→ **What you need to do**
Here are records with pictures in them. Copy all of them exactly and leave the pictures out.

**********

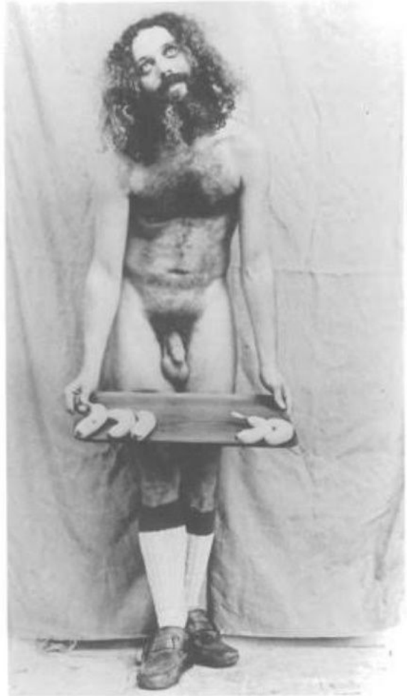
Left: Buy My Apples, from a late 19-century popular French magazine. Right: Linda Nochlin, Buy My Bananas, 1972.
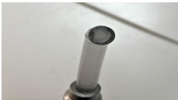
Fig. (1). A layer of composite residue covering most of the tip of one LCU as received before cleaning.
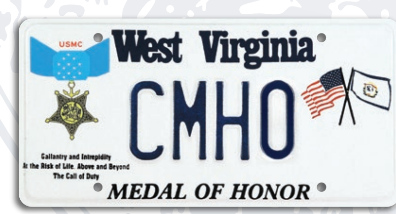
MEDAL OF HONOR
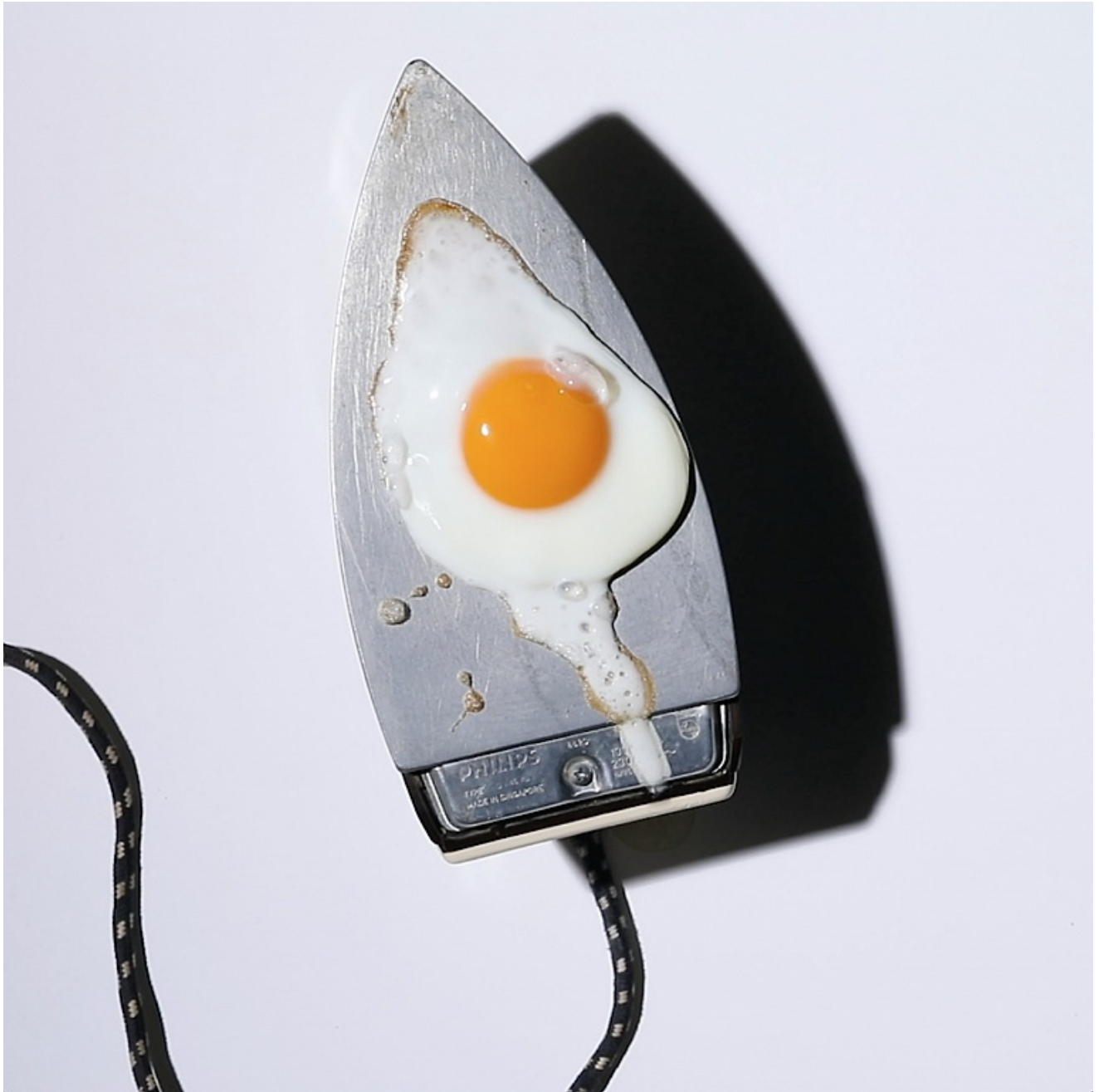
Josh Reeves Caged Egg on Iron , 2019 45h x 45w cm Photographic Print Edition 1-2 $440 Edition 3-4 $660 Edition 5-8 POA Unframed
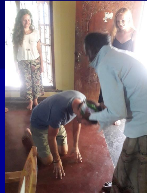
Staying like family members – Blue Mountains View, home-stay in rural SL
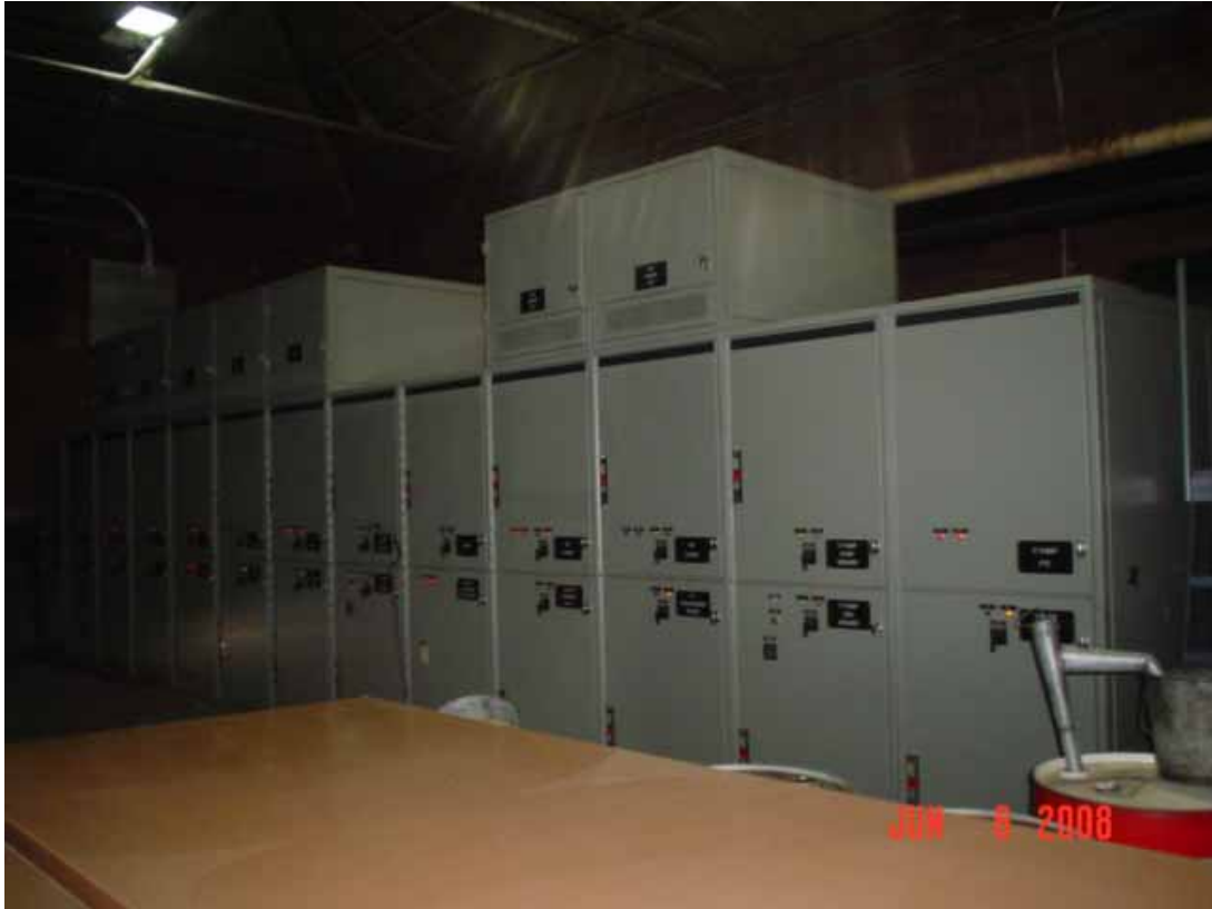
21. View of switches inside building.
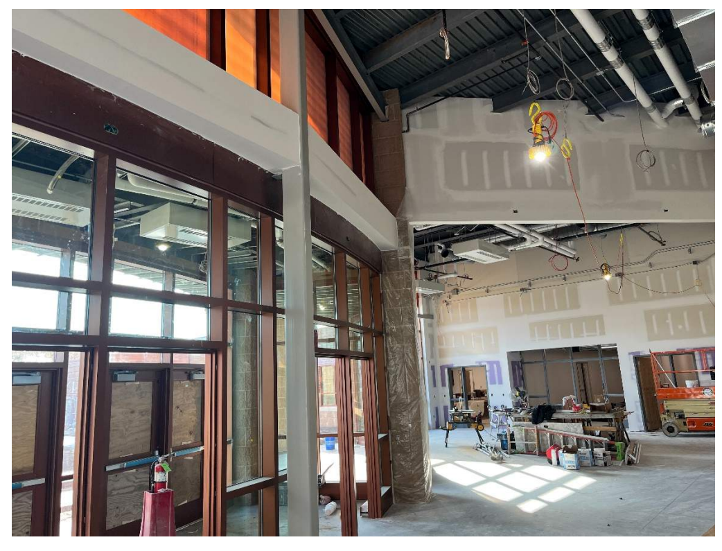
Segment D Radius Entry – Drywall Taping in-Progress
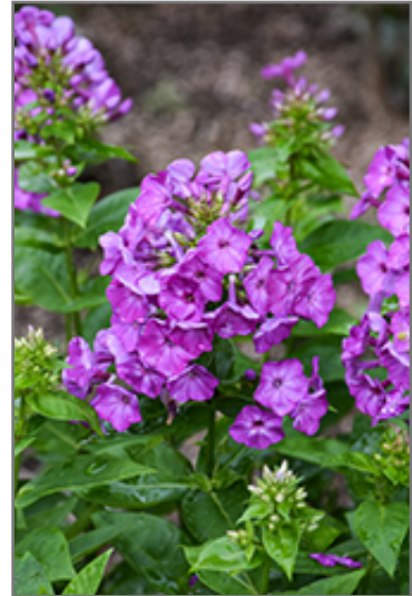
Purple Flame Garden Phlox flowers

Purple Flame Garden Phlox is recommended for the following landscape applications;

**********

→ **Written answer**
Left: Buy My Apples, from a late 19-century popular French magazine. Right: Linda Nochlin, Buy My Bananas, 1972.
Fig. (1). A layer of composite residue covering most of the tip of one LCU as received before cleaning.
MEDAL OF HONOR
Josh Reeves Caged Egg on Iron , 2019 45h x 45w cm Photographic Print Edition 1-2 $440 Edition 3-4 $660 Edition 5-8 POA Unframed
Staying like family members – Blue Mountains View, home-stay in rural SL
21. View of switches inside building.
Segment D Radius Entry – Drywall Taping in-Progress
Purple Flame Garden Phlox flowers

Purple Flame Garden Phlox is recommended for the following landscape applications;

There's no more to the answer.